The BERT training is done in two macros: Pre-training and Fine-tuning. This is a look at Pre-training.
Before getting to Pre-training though, I want to cover the Input/Output representations. The input representation for the model was chosen so they could flexibly address a number of NLP tasks, being able to unambiguously define both a single sentence and a pair of sentences with a separator. This is important for a language model, because it needs to be able to reason at the connection between sentences.
Each sequence always starts with the special classification token [CLS]
. This is used downstream also for the vector used in classification tasks (ie Correct-Next-Sentence or Not).
Each sequence is modeled using WordPiece embedding with a 30k token vocab. Sentence pairs are packed together in two ways: first, separated by [SEP]
token, second by the added learned embedding to every token differentiating between sentence A
and B
.
BERT’s input representation is shown in Fig2 below.
Pre-training
Task #1: Masked LM
BERT has an advantage because it is ready to accept the masked tokens because of the parallel architecture. Thus BERT is trained with a deep bidirectional representation by simply masking some percentage (15%) of the input tokens at random, then lean on the prediction of those masked tokens. This masked process is referred in literature as a Cloze task, but here they refer to it as a “masked LM” (MLM). The final hidden vectors corresponding to the mask tokens are fed into an output softmax over the vocabulary.
Although the [MASK]
token allows for a bidirectional pre-trained model, a downside, is the mismatch of pre-training and fine-tuning because the [MASK]
token does not appear in normal language. Thus they use some techniques to mitigate this issue.

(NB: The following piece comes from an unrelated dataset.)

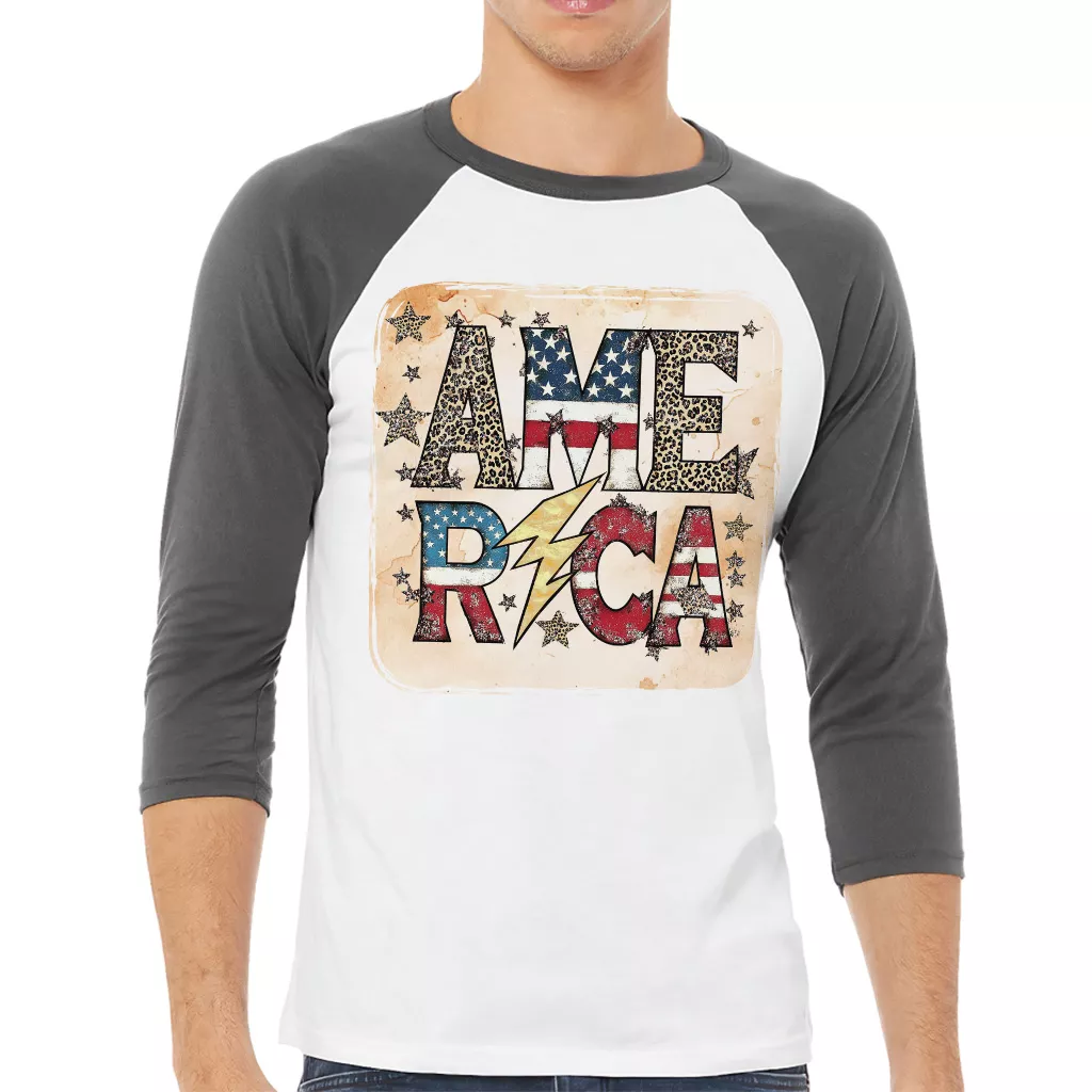America Graphic Baseball T-Shirt – Independence Day 3/4 Sleeve – Retro Design Raglan Jersey Shirt

Task #2: Next Sentence Prediction (NSP)
Many important downstream tasks require an understanding of the relationship between sentences, not just the relationship of words within a sentence. Thus the second part of pre-training involves training a binarized next sentence prediction task that can be trivially generated from any monolingual corpus. Thus they train on a collection of sentence pairs, some which occur consecutively in a document while others do not, and the model is trained on if sentence B
is classified as IsNext
or NotNext
.
Pretraining data
BERT is pre-trained with both BooksCorpus (800M words) and English Wikipedia (2.5B words). BERT requires the document-level corpus in order to train with NSP.